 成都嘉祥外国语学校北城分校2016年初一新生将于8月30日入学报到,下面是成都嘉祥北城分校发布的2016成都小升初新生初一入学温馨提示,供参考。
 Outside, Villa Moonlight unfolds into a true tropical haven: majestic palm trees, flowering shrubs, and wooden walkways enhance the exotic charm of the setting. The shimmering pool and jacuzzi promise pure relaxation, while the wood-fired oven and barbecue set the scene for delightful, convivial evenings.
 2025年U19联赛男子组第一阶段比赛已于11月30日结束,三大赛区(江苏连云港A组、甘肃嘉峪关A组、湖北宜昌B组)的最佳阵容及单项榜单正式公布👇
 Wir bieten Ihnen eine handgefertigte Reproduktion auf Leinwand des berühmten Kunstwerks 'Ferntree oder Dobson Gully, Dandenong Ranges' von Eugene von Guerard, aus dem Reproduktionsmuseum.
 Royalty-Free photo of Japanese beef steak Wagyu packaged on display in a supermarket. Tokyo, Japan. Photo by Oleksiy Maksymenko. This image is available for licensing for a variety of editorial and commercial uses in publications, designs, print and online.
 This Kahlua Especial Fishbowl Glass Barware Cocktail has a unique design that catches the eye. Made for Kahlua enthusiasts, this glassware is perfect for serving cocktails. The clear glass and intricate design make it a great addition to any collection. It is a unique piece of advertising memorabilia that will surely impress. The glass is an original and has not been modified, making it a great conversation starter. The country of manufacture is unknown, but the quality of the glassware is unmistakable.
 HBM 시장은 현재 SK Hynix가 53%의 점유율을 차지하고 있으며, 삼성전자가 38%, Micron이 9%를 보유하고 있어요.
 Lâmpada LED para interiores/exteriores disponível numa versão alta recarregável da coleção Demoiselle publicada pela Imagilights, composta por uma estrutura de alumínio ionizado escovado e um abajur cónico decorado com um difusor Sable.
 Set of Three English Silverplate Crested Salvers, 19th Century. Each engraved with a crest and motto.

---

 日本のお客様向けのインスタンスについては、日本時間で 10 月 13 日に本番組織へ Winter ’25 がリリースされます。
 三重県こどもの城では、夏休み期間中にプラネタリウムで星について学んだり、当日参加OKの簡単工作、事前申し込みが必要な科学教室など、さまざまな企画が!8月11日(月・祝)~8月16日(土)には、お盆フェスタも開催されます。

(Work instruction): All that belongs in the answer is the run of lines above from the line containing "Wir bieten Ihnen" through the line containing "Set of Three", exactly as written.

(Answer box):
 Wir bieten Ihnen eine handgefertigte Reproduktion auf Leinwand des berühmten Kunstwerks 'Ferntree oder Dobson Gully, Dandenong Ranges' von Eugene von Guerard, aus dem Reproduktionsmuseum.
 Royalty-Free photo of Japanese beef steak Wagyu packaged on display in a supermarket. Tokyo, Japan. Photo by Oleksiy Maksymenko. This image is available for licensing for a variety of editorial and commercial uses in publications, designs, print and online.
 This Kahlua Especial Fishbowl Glass Barware Cocktail has a unique design that catches the eye. Made for Kahlua enthusiasts, this glassware is perfect for serving cocktails. The clear glass and intricate design make it a great addition to any collection. It is a unique piece of advertising memorabilia that will surely impress. The glass is an original and has not been modified, making it a great conversation starter. The country of manufacture is unknown, but the quality of the glassware is unmistakable.
 HBM 시장은 현재 SK Hynix가 53%의 점유율을 차지하고 있으며, 삼성전자가 38%, Micron이 9%를 보유하고 있어요.
 Lâmpada LED para interiores/exteriores disponível numa versão alta recarregável da coleção Demoiselle publicada pela Imagilights, composta por uma estrutura de alumínio ionizado escovado e um abajur cónico decorado com um difusor Sable.
 Set of Three English Silverplate Crested Salvers, 19th Century. Each engraved with a crest and motto.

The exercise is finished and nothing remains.